Stick to Basics in Fly tying

by Peter Langlands


In recent years there has been a lot of activity on the internet about new trout fly patterns. However, while some patterns are highly refined and will occasionally work when more traditional patterns don’t, I believe there are just a few basics to tying effective trout flies. The following work well for me… 

Stick to natural colours. I like to use brown, olive and green colours when tying trout nymphs. Try to blend the dubbing into a variation of colours to make the nymph look even more natural. Next, add some soft-hackle fibres to your nymph, as they will give the fly more lifelike movements in the water. In my opinion, Hungarian partridge feathers are the best soft-hackle feathers available. Not only are they very soft, they also have a variegated colour that imitates the intricate markings on the insects’ legs. I add a collar of soft hackle on many of my nymphs – especially on lake nymphs and a dragonfly pattern I designed.

I really like marabou, because the outer tips have soft edges that really put a lot of life into fly patterns and it comes in a wide range of colours. I often tie a collar of marabou on nymph and snail patterns. My marabou-collared black and peacock snail fly is especially effective for tempting slowly cruising browns that give the fly a second look. Of course marabou is especially good when used to tie the Woolly Bugger, a highly effective lake-edge lure. 

Sparse, Heavy Nymphs

There are times when heavy, sparsely-dressed nymphs are needed to maximise your sink rate, such as when nymphing to trout sitting in deeper water affected by complex currents. These fish have avoided being caught by other anglers because their offerings did not go deep enough for the trout to see it. This is when ultra-heavy nymphs that sink fast into the strike zone are a huge advantage, allowing you to put the nymph on the trout’s nose and minimising the chances of the fly dragging past, or the fish being spooked by excessive casting over it. 

Tungsten beads are ideal for adding weight rather than bulk, but you can also use tungsten sleeves and cone heads, or wraps of lead, to increase the sink rate. Tie your flies in a wide range of weights, organised by weight and size in your flybox, so that you can quickly select the right fly for the depth.

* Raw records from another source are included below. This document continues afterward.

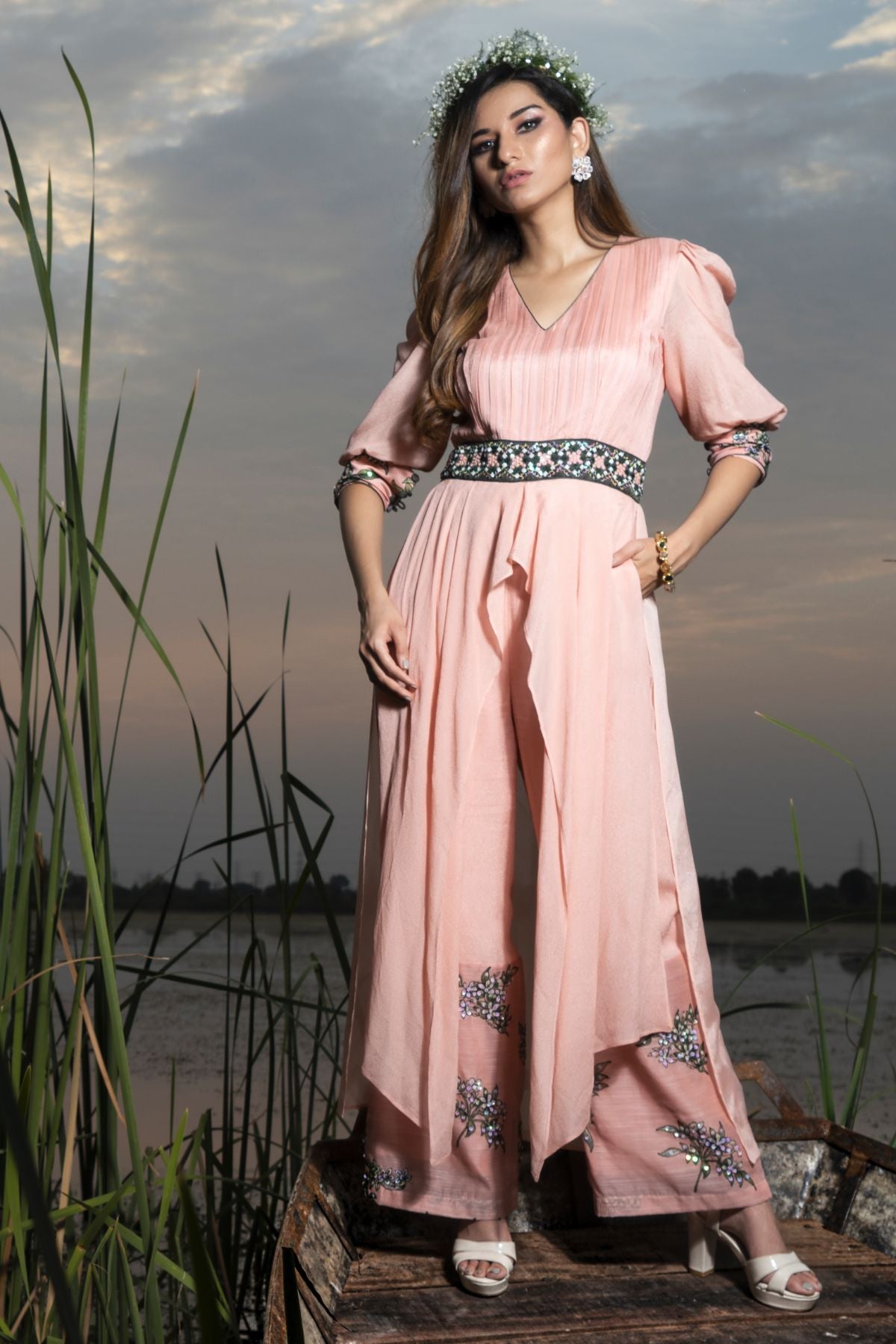 Print - Chanderi and Embroidery - French knot with Sequence and cut dana Embellishments |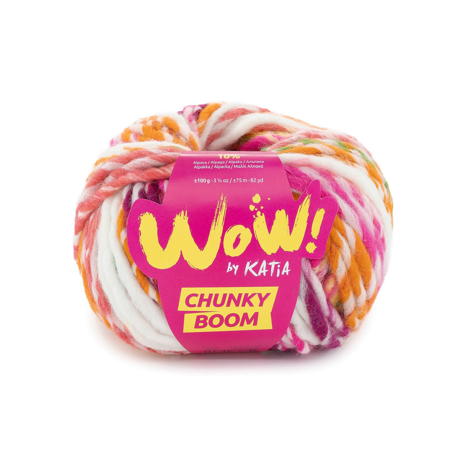 Mach dich bereit für eine Farbexplosion mit WOW! Chunky Boom! Diese Dochtwolle ist die perfekte Wahl für Liebhaber von extravaganten und lebendigen Modetrends, die das Stricken lernen möchten. Kreiere einzigartige und auffällige Stücke, um bei jeder Gelegenheit herauszustechen. Kombiniere dieses dicke und schnell zu strickende Garn mit den einfarbigen Farben von WOW! Chunky, um allerlei fröhliche und lustige Accessoires sowie moderne übergroße Kleidungsstücke für die Mutigsten zu stricken. Lass deiner Kreativität freien Lauf, um deinen eigenen Stil zu stricken!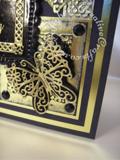 Tattered Lace Golden Wedding. One of my samples for the Elegance 2 collection. Try using die cuts to emboss with, that’s how I made the background and bow on this card. Using the Chatsworth set of dies. The border and centre square die, I used the die cuts and embossed them into gold mirror card, then sanded back and inked with black distress ink.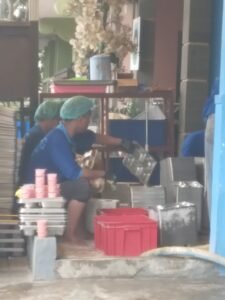 Di lokasi, hanya terlihat aktivitas mencuci food tray yang masih berlangsung.

Be sure to use minimal dressing on your nymphs though, as a streamlined shape allows them to sink faster.

Trout are highly visual feeders that can spot tiny insects drifting past. New Zealand trout are unusual in their ability to reach large sizes on a diet based mainly on small insects that they can see in our clear flowing rivers. In addition to movement and colour, the pattern on flies is important. Having a segmented appearance incorporated in the nymph’s design can make a big difference; I find a black and white ‘zebra’ pattern on the abdomen of many nymphs is very effective in attracting the trout’s attention. Also, by ribbing a nymph you will create a segmented pattern that makes the fly look lifelike. Having repeating, naturally-coloured patterns on lures, such as a Mrs Simpson, give the illusion of increased movement and make the fly look more lifelike.

Another feature to try adding is a ‘pecker head’, which is simply a small piece of cream or yellow coloured fine chenille with a burnt tip. This produces a very effective body when tying caddis-nymph patterns. A white pecker head is also lethal when tied on the front of a horn-cased caddis imitation fished in discoloured waters. 


Worm Flies

San Juan Worms, tied from a range of ultra-fine chenilles, have also been very effective for me in recent years – the worm flies are not commonly used, so by presenting them you may get a snap from trout that shy away from more conventional patterns. Constantly designing and tying new trout flies keeps fly-tying exciting for me. 

I like to tie naturally coloured flies, and find that improvised materials often work well. For example, a stretched audio-cassette tape makes a strong and natural-coloured ribbing, and when only partially stretched makes an ideal material for tying a Horn-cased Caddis, a simple but effective nymph. The fur and feathers from a wide range of road-killed animals and birds also make good fly-tying material, so spend all your money on top quality hooks, not materials! 

Finally, if you have a surplus of materials, why not swap them with the surplus other fly tiers may have? There is a wide range of social media groups in New Zealand, where people share their fly-tying experiences. Winter is a great time to spend with mates discussing fly patterns for the next season and for building up your trout flies collection. All you have to do is remember the few basic rules that need to be included when tying the various patterns – then let your imagination run wild!